Die Opposition warf der Kanzlerin vor, lediglich Allgemeinplätze zu verbreiten. "Wo ist eigentlich der Text nach all den schönen Überschriften", fragte Renate Künast (Bündnis 90/Die Grünen) provokant. Alle redeten vom "Green New Deal", nur Merkel nicht. Deutschland, bemängelte sie, sei in der Union "ein Bremser" - sowohl beim Konjunkturpaket als auch bei neuen Regeln für die Finanzmärkte. Auch Guido Westerwelle (FDP) warf der Kanzlerin vor, nicht konkret zu werden, weil es "in Ihrer Regierungskoalition mehr Streit als Einigkeit gibt". Deutschland brauche kein Konjunkturpaket, sondern ein Strukturpaket, das den Mittelstand fördere und niedrigere Steuern und Abgaben beinhalte. Lothar Bisky erklärte für die Linksfraktion: In der Krise mache Merkel vor allem eins - sie reise. Er forderte, Hedgefonds, Verbriefungen sowie Zweckgesellschaften zu verbieten und Steueroasen auszutrocknen.

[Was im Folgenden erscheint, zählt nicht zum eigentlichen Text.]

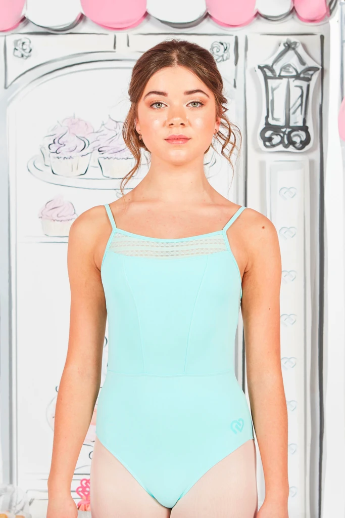 Our Alice Peppermint leotard features rose gold adjustable straps for extra style & comfort. This design is our most flattering one yet, with beautiful soft frill lace detailing panels front & back, and V line seams that elongate the body.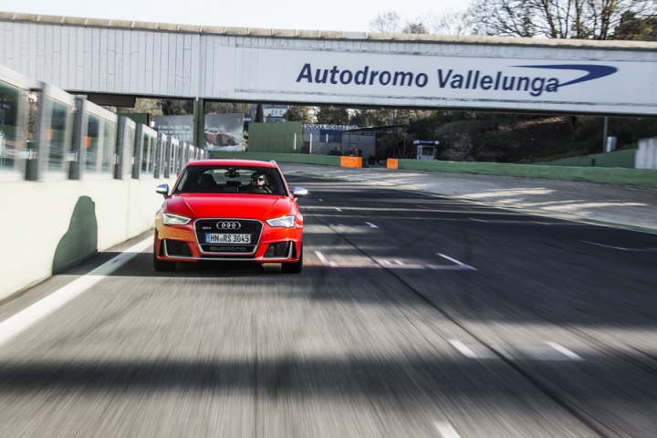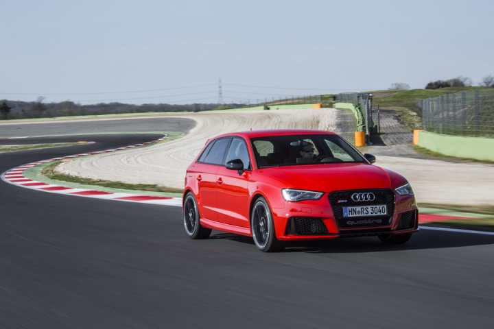The most powerful car in its class brings with it shocking pace. The Audi RS 3's turbocharged 2.5-litre in-line five-cylinder engine develops 367hp, though it's the 465Nm of torque and its huge spread - from 1,625rpm to 5,550rpm - that makes it so otherworldly quick. Get it right, or simply use the launch control, and the RS 3 will reach 100km/h in 4.3 seconds from rest. That's quicker not just than obvious rivals like the Mercedes-Benz A 45 AMG and BMW M135i, but also faster than the Porsche 911 Carrera 4 GTS.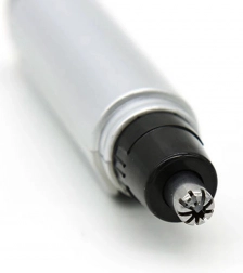 Naprava nudi varen oprijem za natančno manevriranje pri prirezovanju dlačic v nosu in ušesih.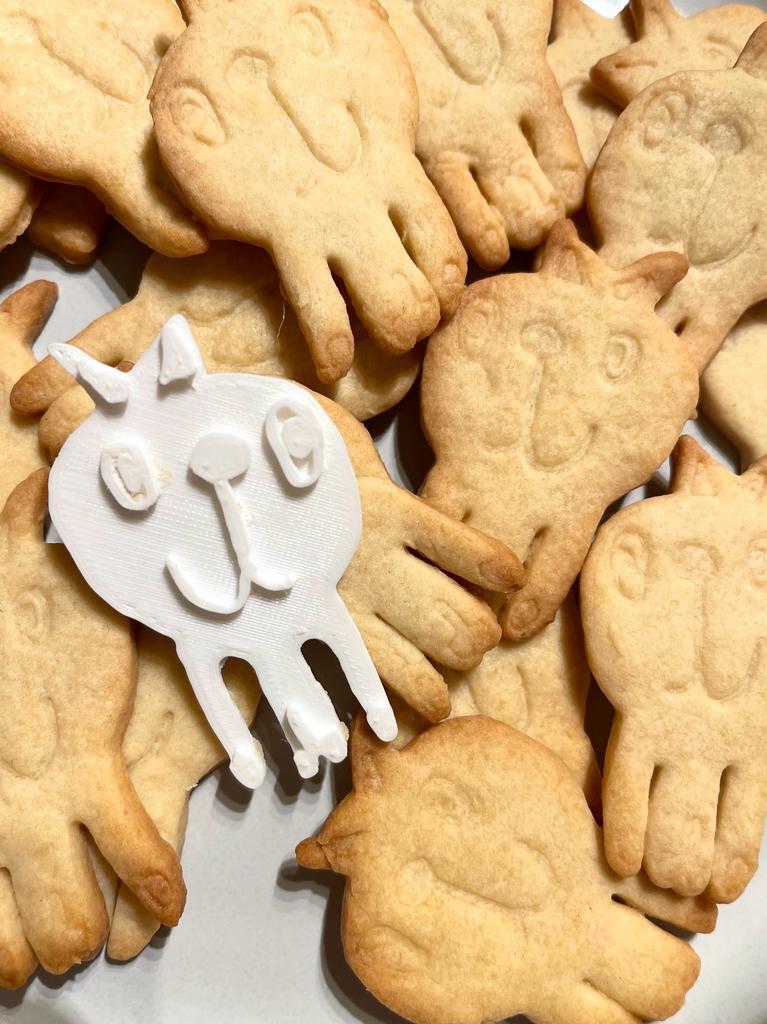 Вот и результат, вся семья хрустела и нахваливала. Тесто песочное. К сожалению первый вариант конструкции не пережил пытливые детские ручки, в месте крепления отломался слишком тонкий шток (так это называется?). Надо будет усилить, а пока вторую порцию делали двумя этапами - вырезка печенья и штамповка рисунка.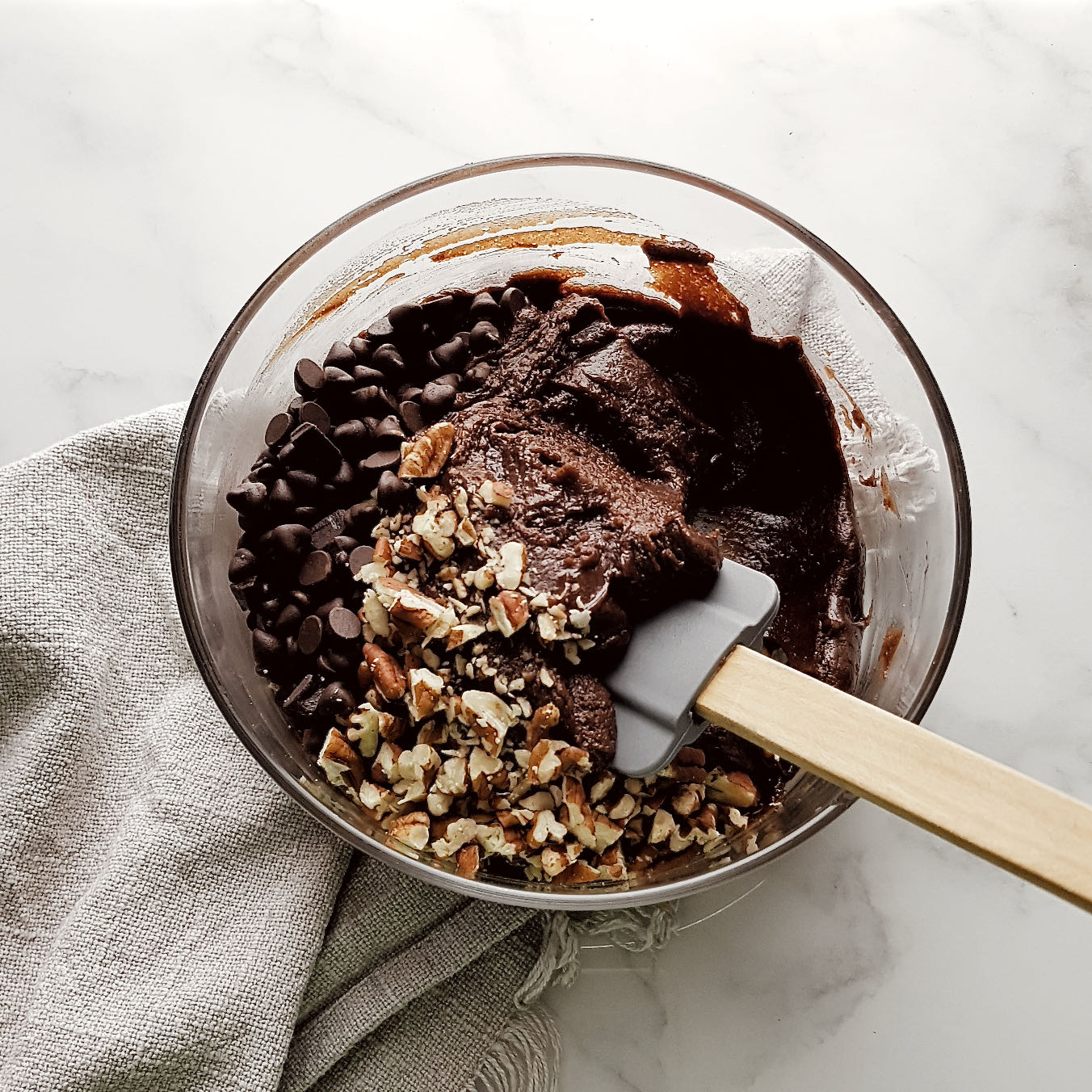Derretimos la mantequilla y la vertemos en un recipiente amplio. Añadimos los dos tipos de azúcar, la vainilla y la yema de huevo y batimos vigorosamente durante 1 minuto hasta que la mezcla se vuelva blanquecina. Añadimos entonces la leche y removemos hasta integrar. Tamizamos los ingredientes secos: la harina, el cacao en polvo, la levadura y la pizca de sal y los agregamos a la mezcla anterior. Mezclamos con una espátula hasta conseguir una mezcla homogénea. Finalmente añadimos las chispas de chocolate y las nueces troceadas y removemos para repartirlas por toda la masa.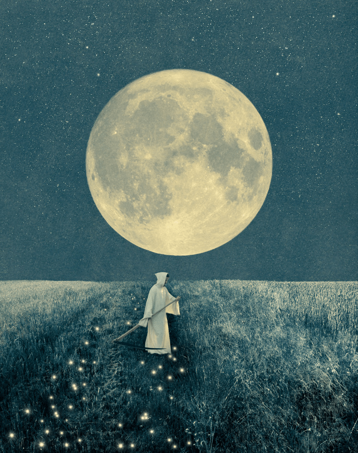 Zwraca się do mnie dziwnym, uroczystym tonem. Mówi z łagodną mocą: Usłyszałam, Pani, twój płacz. Dziś, w chwili księżycowej okultacji, gdy dla ludzkich oczu pozostaję ukryta, pozwolono mi zniżyć się do ciebie. Zapragnęłam cię pocieszyć. Wprowadzić cię, Pani, w tajemnicę milczenia twojej duszy, byś usłyszała wielką pieśń istnienia i przypomniała prawdę o samej sobie. Zanim zapytasz o cokolwiek – usiądź obok. Posłuchaj, co mam ci do powiedzenia. Dwa krzesła przygotowane zawczasu, posłużą nam tej długiej nocy, byśmy nadto nie zmęczyły nóg.

Die Steueroasen hatten sowohl im Bundestag als auch auf dem Gipfel die Gemüter erhitzt. Ursache war eine Äußerung von Bundesfinanzminister Peer Steinbrück (SPD). Er hatte Länder mit einem strengen Bankgeheimnis wie die Schweiz mit Indianern verglichen, die von der Kavallerie gezügelt werden müssten. "Herr Finanzminister, die Art und Weise des Umgangs mit unseren Nachbarländern ist eine schlichte, undiplomatische Unverschämtheit", ereiferte sich Westerwelle in der Debatte. Für den normalen Bürger sein weniger die Steueroasen als die Wüste drumherum das Problem. Joachim Poß (SPD) warf Westerwelle daraufhin Sympathie mit Steuersündern vor. Er lobte Angela Merkel, die sich ebenfalls uneingeschränkt gegen Steueroasen ausgesprochen hatte. Sie hatte gefordert, dass bei diesem Thema "Ross und Reiter" genannt werden müssten. Künast griff das Bild von den Oasen auf und bezeichnete Westerwelle als "Schutzheiligen der großen Kamele, die den anderen das Wasser wegsaufen".
Die 27 EU-Staaten einigten sich in Brüssel darauf, dass keines ihrer Mitglieder auf der "schwarzen Liste" der OECD stehen soll, die vorhandene Steuerschlupflöcher anprangert. Österreich, Belgien und Luxemburg hatten kürzlich beschlossen, ihr Bankgeheimnis zu lockern. Noch rechtzeitig, denn auf dem Weltfinanzgipfel am 2. April in London soll auch ein härteres Vorgehen gegen Staaten auf der "Steueroasen-Liste" beraten werden.